Quand le volcan de La Corona est entré en éruption, il y a environ 21 000 ans, ses rivières de lave ont fabriqué sans le vouloir un chef-d'œuvre : un tunnel de près de huit kilomètres qui traverse le nord de l'île. Le niveau de la mer était alors bien plus bas ; quand les océans sont montés, le dernier tronçon s'est retrouvé inondé — c'est aujourd'hui le Túnel de la Atlántida, le plus long tube de lave sous-marin connu au monde : 1,6 kilomètre de galerie sous l'Atlantique. La Cueva de los Verdes et les Jameos del Agua en sont les portes visitables, celles de cette cathédrale souterraine. Peu d'endroits sur la planète permettent de marcher dans les veines d'un volcan — celui-ci en fait partie.

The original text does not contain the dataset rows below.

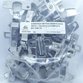 Dobradiça hettich sensys 8645i 110 baixa reta + calco d 1,5 completa kit com 10 - dobradiça com tecnologia de encaixe clip e amortecimento integrado - fabricada na alemanha - classificação de qualidade de acordo com a norma europeia en 15570, nível 3 - para espessuras de portas 15 - 22mm - diâmetro de caneco 35mm - profundidade do caneco 12,8mm - ajuste de cobrimento integrado + 2 mm / - 2 mm - ajuste de profundidade integrado = 3 mm / - 2 mm - ajuste vertical através do calço de montagem - material do braço da dobradiça: aço niquelado - material do caneco da dobradiça: aço niquelado - dobradiça reta baixa para móveis que necessitam de cobrimento total da lateral do móvel - o kit inclui 10 dobradiças sensys, 10 calços sensys, 10 arremates de caneco sensys e 10 arremates de corpo sensys, conjunto completo, produto hettich - não acompanham parafusos de fixação Dobradiça hettich sensys baixa reta + calco d 1,5 completa kit com 10 Marca: Não Informado
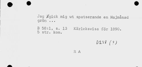 //// nHHHh* i]]]])? //// Jag Xgick mig ut spatserande en Majmånad //// grön ... //// B 58:1, s. 13 Kärleksvisa för 1890. //// 5 str. kom. //// R A ////
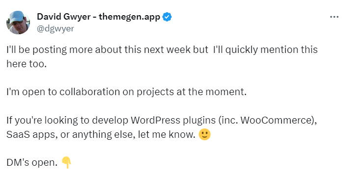 Możesz promować swoje usługi tworzenia wtyczek w kanałach mediów społecznościowych, takich jak ten:
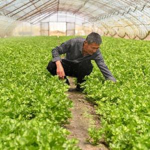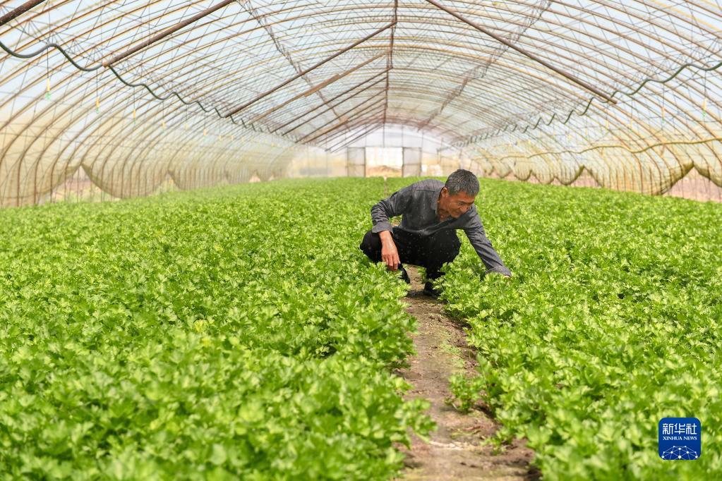 5月23日,在吉林省长春市九台区卡伦湖街道东风村,农民在查看蔬菜长势。
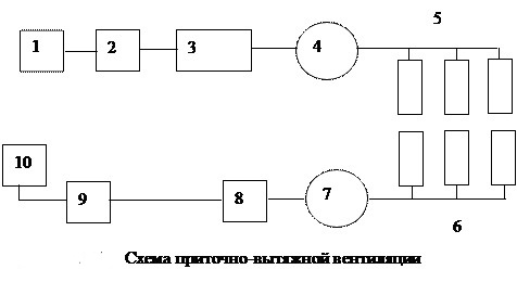 Dispositivo de ventilação de suprimento e exaustão (de 1 a 10): entrada de ar, limpeza, dutos de ar, ventilador de suprimento, dispositivo de suprimento de ar, dispositivo de remoção de ar, ventilador de exaustão, coletores de poeira e gás, filtros, dispositivo de exaustão de ar
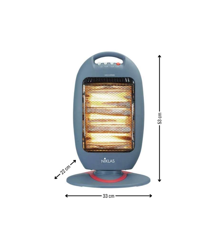 Descrizione: Stufa alogena Niklas Baby 1200W con corpo in ABS grigio. Potenza regolabile a 400-800-1200W, oscillante a 70°. Sicura e portatile, si spegne in caso di ribaltamento. Dimensioni compatte: 33x22xH53 cm.
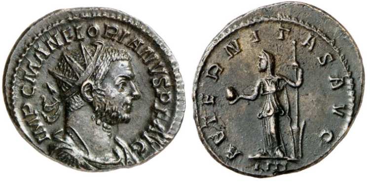 | RIC 2 | Florian AE Antoninianus. Lyons mint. IMP C M AN FLORIANVS P F AVG, radiate, draped and cuirassed bust right / AETERNITAS AVG, Aeternitas standing left holding globe and rudder. Mintmark IIII. RIC 2; Sear 11847; Paris 1862; Cohen 3; La Venera hoard 1927, Bastien 143. | Text | ![]() |
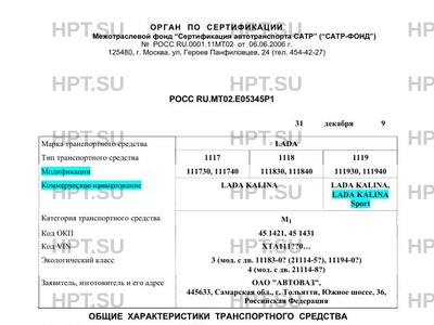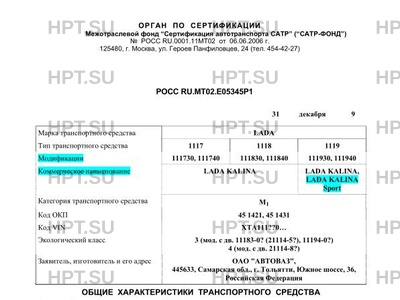 | Тип ТС | 1117 1118 1119 |

Un tube volcanique se fabrique tout seul. Pendant une éruption, les rivières de lave qui descendent le versant refroidissent d'abord par l'extérieur : la surface durcit et forme un toit, tandis qu'à l'intérieur la lave continue de couler, chaude et protégée, comme l'eau dans une tuyauterie. Quand l'éruption prend fin, la rivière se vide — et il reste le moule : une galerie cylindrique, aux parois lisses retouchées par la chaleur, avec les marques du niveau du « courant » et des coulures de lave figées suspendues au plafond.

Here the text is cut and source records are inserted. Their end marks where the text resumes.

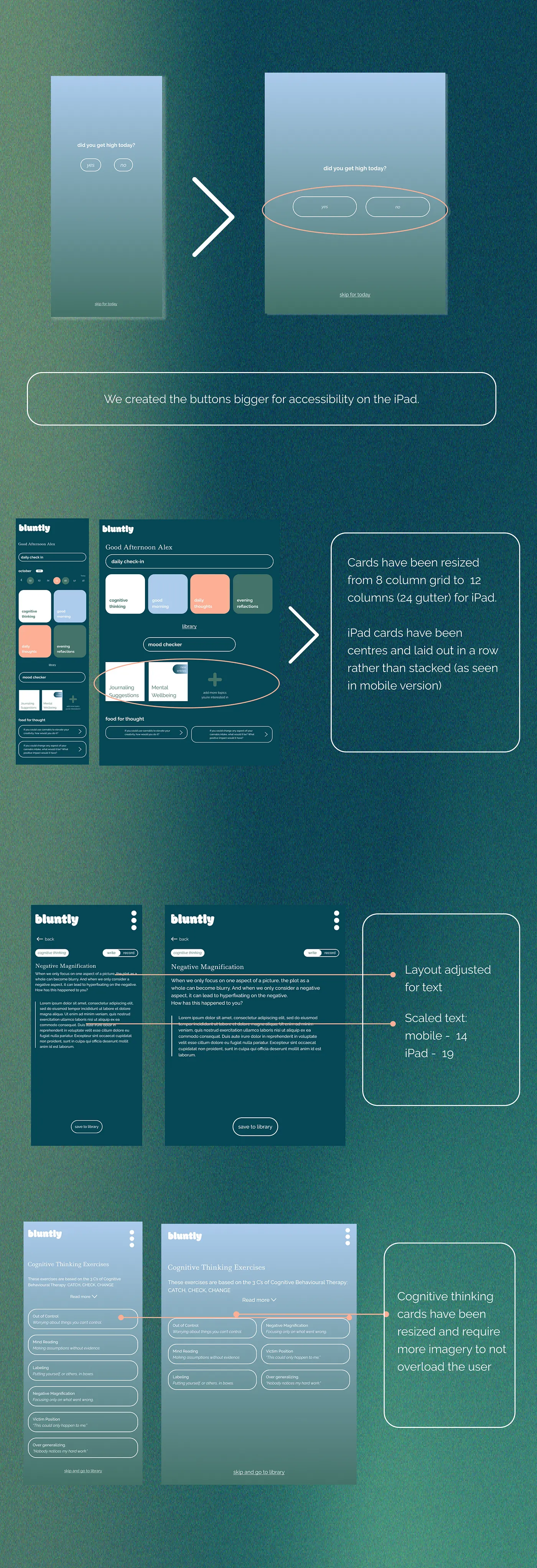 This was a challenging but fun project to work on. Due to the sensitivity of mental health, we had to take proper care to ensure that our information was scientifically factual. We had some trouble reaching the 100-respondent benchmark for the survey during our research phase, but we managed to get above 50. Also, I encountered a learning curve on Figma with auto layout, components and variant designs. After some guidance from Laura, the designer, on the team, I applied the feedback in our responsive designs for iPad, I understood the importance of layout on different screens.
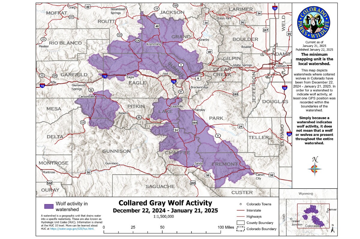 "Recent wolf collar data shows that one wolf has made movements into southeast region watersheds that include Park County, Teller County and Fremont County," said Travis Duncan with CPW. "This was to be expected and it's important to remember wolves can and do move substantial distances."
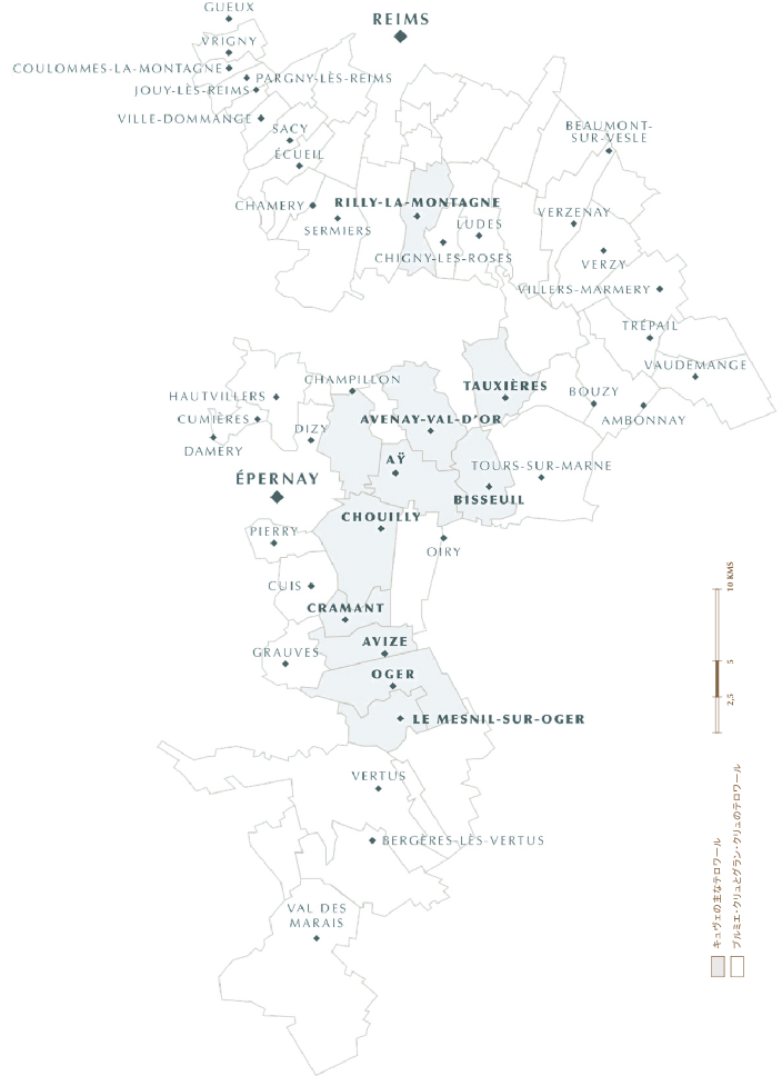 Chouilly, Cramant, Avenay-Val-D’Or, Bisseuil, Oger, Le Mesnil-sur-Oger, Avize, Rilly-la-Montagne, Tauxières.
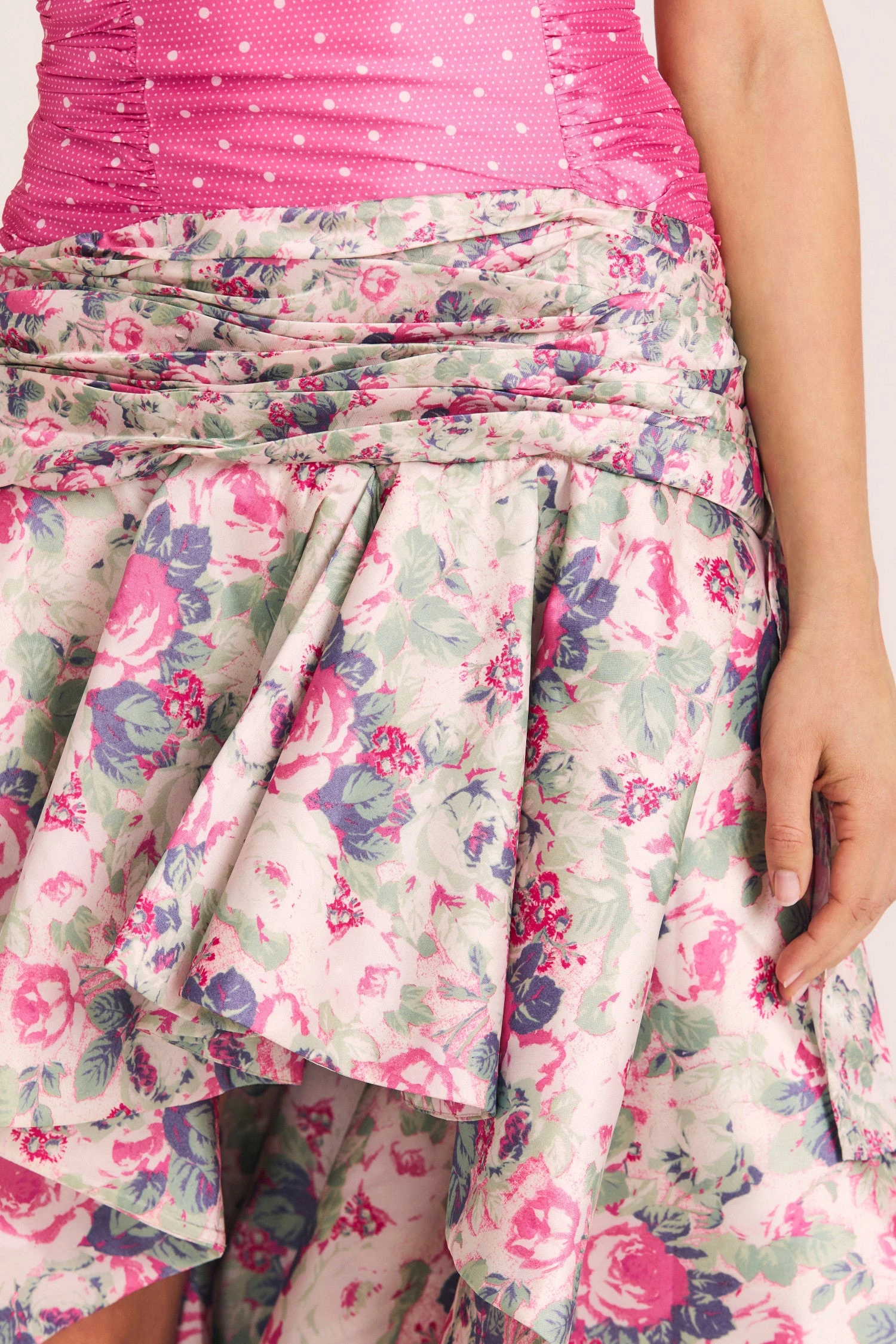 Our new Leilani Dress makes a statement in a taffeta print mix of scaled polkadots and this season’s rose hero print. It’s a party in the front and the back with its heart-shaped strapless neckline, shirred bust and side body, exaggerated rosette detail at center front, large bow at center back and a full sweep, high-low skirt with a mesh inner lining for shape. Shown here in Fuchsia Flower Dot.
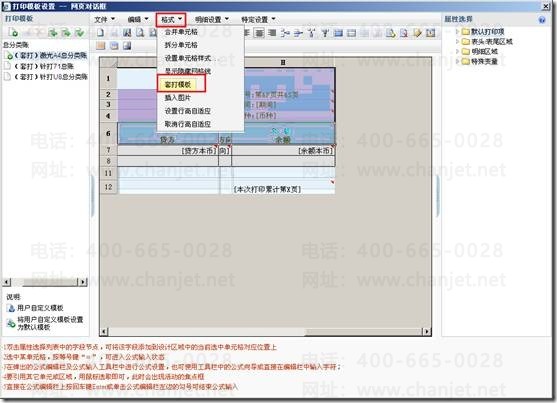 在弹出的模版设置的界面上,选中对应的打印模版,点击“格式”下的“套打模版”,点击之后自动切换成非套打模版。

Le volcan de La Corona, à l'extrémité nord de l'île, a fait cela en grand il y a environ 21 000 ans, selon les datations les plus citées. Son tube principal parcourt près de huit kilomètres depuis les flancs du cône jusqu'à la côte d'Órzola — l'une des plus grandes galeries volcaniques de la planète. En plusieurs endroits, le toit s'est effondré au fil des siècles, ouvrant des fenêtres naturelles qu'on appelle ici des jameos. Ces effondrements sont aujourd'hui les portes d'entrée : la Cueva de los Verdes, aménagée avec un éclairage magistral, et les Jameos del Agua, que César Manrique a transformés en symbole de l'île.
Mais le chapitre le plus stupéfiant se trouve sous la mer. Quand La Corona est entré en éruption, la planète vivait une ère glaciaire et le niveau de l'océan était de plusieurs dizaines de mètres inférieur à l'actuel : la côte se trouvait loin, et la lave a continué de couler au-delà du rivage d'aujourd'hui. Quand les glaces ont fondu et que les mers sont montées, ce dernier tronçon s'est retrouvé submergé tel quel, sans s'effondrer. C'est le Túnel de la Atlántida : 1 600 mètres de galerie sous l'Atlantique, le plus long tube de lave sous-marin connu au monde. À l'intérieur, obscurité totale, eau salée immobile et une faune d'une autre planète qui a sa propre card. Seuls des spéléonautes scientifiques, munis de permis et d'un équipement extrême, en ont atteint le bout — là où le tunnel s'enfonce simplement dans le sable, à plus de soixante mètres de profondeur.
L'ensemble est si exceptionnel qu'il forme le joyau du Géoparc mondial de l'UNESCO qui reconnaît Lanzarote, et sa candidature au Patrimoine mondial a même été proposée. Les astronautes européens s'entraînent dans ses galeries parce que des tubes identiques existent sur la Lune et sur Mars, candidats à devenir les premières bases humaines.
La prochaine fois que vous serez dans la Cueva de los Verdes, éteignez un instant l'imagination touristique et allumez la géologique : vous êtes à l'intérieur de la tuyauterie d'un volcan, construite par une rivière de feu, conservée intacte depuis avant même l'existence de l'agriculture. Et sous vos pieds, au-delà du rivage, la galerie continue en silence vers le fond de la mer.